Generating Test Data with AI: A Practical Guide

Generating Test Data with AI: A Practical Guide

AI can generate realistic, varied test data faster than manual creation or factory libraries. The key is prompting for diversity and edge cases, not just valid examples. This guide covers practical patterns for using LLMs to generate test data across formats — JSON fixtures, database seeds, CSV files, and domain-specific data like user profiles, addresses, and financial records.

Key Takeaways

Ask for edge cases explicitly. LLMs default to clean, typical examples. You must specifically request boundary values, invalid data, Unicode strings, and unusual combinations.

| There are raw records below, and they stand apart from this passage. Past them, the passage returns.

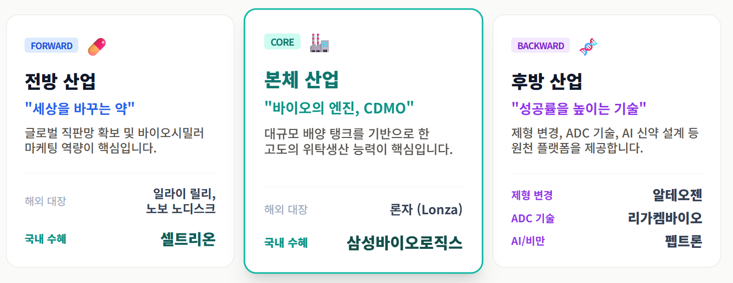 - 본체 산업 (제조 및 생산): "바이오의 엔진, CDMO" - 대규모 배양탱크, 위탁생산 (삼성바이오로직스, 론자)
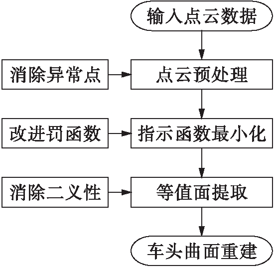 本文基于泊松曲面重建算法,在其点云数据预处理问题、最小化问题与提取等值面问题方面提出了不同的解决方法.在点云数据预处理方面,本文采用一种混合滤波器来去除点云数据的噪声,有效地提高了重建的精度和效率;在最小化问题方面,现有方法基本使用最小二乘罚常数,本文则利用平方范数作为罚常数,有效地控制了重建时间和曲面精度;在提取等值面方面,本文对原有算法[12]进行了改进,消除了原有算法中二义性对提取等值面的影响,获得了比较精确的车头表面三维模型.改进后的重建算法流程如图2所示.
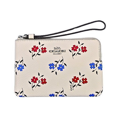 [平輸版] 【COACH】粉桃紅撞色格紋帆布L型拉鍊中款手拿包 真品平輸
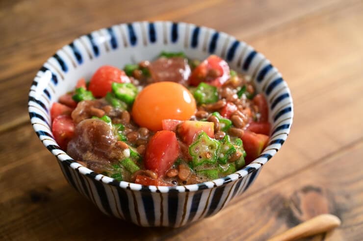 ネバネバ丼は、オクラ、納豆、とろろ、卵黄などを白ご飯の上にのせた丼です。
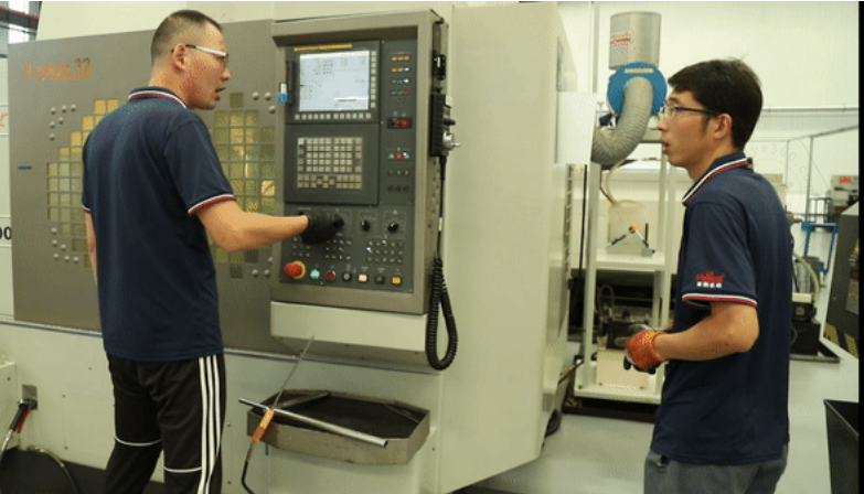 但也不是每一步都很順利,當(dāng)他遇到刀具發(fā)出一聲異響以后,(這聲音小編是一點(diǎn)兒沒(méi)有分辨出)立刻關(guān)停機(jī)器,小跑著找到自己的師傅。他直接說(shuō)明了問(wèn)題后,正在調(diào)機(jī)的師傅立馬來(lái)到他的機(jī)器前,耐心地幫他找出問(wèn)題原因,并且教他如何處理,通過(guò)重新調(diào)試刀具,快速地解決了問(wèn)題,小楊也露出了笑容。

Generate data in batches with variation. A single "generate a user object" prompt produces one user. "Generate 20 users with varied nationalities, ages (including minors and seniors), and unusual name formats" produces a useful test dataset.

Use schema-guided generation. Paste your data schema (JSON schema, TypeScript interface, database table) into the prompt. This ensures the generated data matches your actual data model.

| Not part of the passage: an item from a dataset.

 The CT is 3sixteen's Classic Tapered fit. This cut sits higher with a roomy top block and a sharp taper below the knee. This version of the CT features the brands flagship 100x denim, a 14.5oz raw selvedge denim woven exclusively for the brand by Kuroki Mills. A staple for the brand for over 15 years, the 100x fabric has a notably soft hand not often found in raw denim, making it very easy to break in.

Validate generated data before using it. LLMs sometimes generate data that looks valid but violates real constraints (invalid email formats, future birthdates for deceased users, phone numbers with wrong digit counts). Always run generated data through your validators.

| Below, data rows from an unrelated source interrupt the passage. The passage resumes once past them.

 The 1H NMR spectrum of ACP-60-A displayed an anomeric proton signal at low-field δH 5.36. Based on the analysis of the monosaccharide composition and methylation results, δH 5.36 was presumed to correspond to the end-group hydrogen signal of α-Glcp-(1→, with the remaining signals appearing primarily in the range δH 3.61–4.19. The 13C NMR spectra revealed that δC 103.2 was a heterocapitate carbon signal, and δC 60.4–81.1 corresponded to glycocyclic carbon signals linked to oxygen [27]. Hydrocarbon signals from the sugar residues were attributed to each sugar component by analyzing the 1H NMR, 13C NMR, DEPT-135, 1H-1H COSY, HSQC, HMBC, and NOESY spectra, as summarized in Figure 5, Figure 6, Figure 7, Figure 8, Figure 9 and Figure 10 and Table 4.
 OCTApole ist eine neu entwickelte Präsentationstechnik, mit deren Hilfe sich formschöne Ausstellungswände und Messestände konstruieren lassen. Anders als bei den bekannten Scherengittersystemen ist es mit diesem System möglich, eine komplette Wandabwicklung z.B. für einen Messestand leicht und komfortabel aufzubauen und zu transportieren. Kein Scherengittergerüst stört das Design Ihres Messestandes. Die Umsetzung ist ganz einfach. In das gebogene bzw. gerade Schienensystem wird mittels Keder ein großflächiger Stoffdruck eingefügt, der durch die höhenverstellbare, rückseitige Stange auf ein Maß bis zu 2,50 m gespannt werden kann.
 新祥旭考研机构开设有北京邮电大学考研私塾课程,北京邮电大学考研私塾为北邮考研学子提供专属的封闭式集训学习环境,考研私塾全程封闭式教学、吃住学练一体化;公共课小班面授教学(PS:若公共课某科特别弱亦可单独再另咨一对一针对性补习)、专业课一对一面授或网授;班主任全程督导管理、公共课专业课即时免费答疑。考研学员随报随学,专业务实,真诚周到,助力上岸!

AI-generated data is not production data. Don't use LLMs to replicate production data structure when you need anonymized production data. Use dedicated anonymization tools for that workflow.

Why Test Data Is the Unglamorous Blocker

Test data problems kill test suites. Not code problems — data problems.

A developer writes a comprehensive integration test for an order processing system. The test needs 10 orders: some with multiple items, some with discounts, some with different shipping addresses, some in different states (pending, shipped, cancelled). Creating that data manually takes an hour. The developer writes the test for one order and calls it done.

This is not laziness. It's a rational response to an unrewarding task. Creating diverse, representative test data is slow, tedious, and feels disconnected from the actual problem being solved.

AI changes this calculus. With a well-structured prompt, you can generate 50 varied, realistic test objects in 30 seconds. The bottleneck is reviewing and validating the output, not generating it.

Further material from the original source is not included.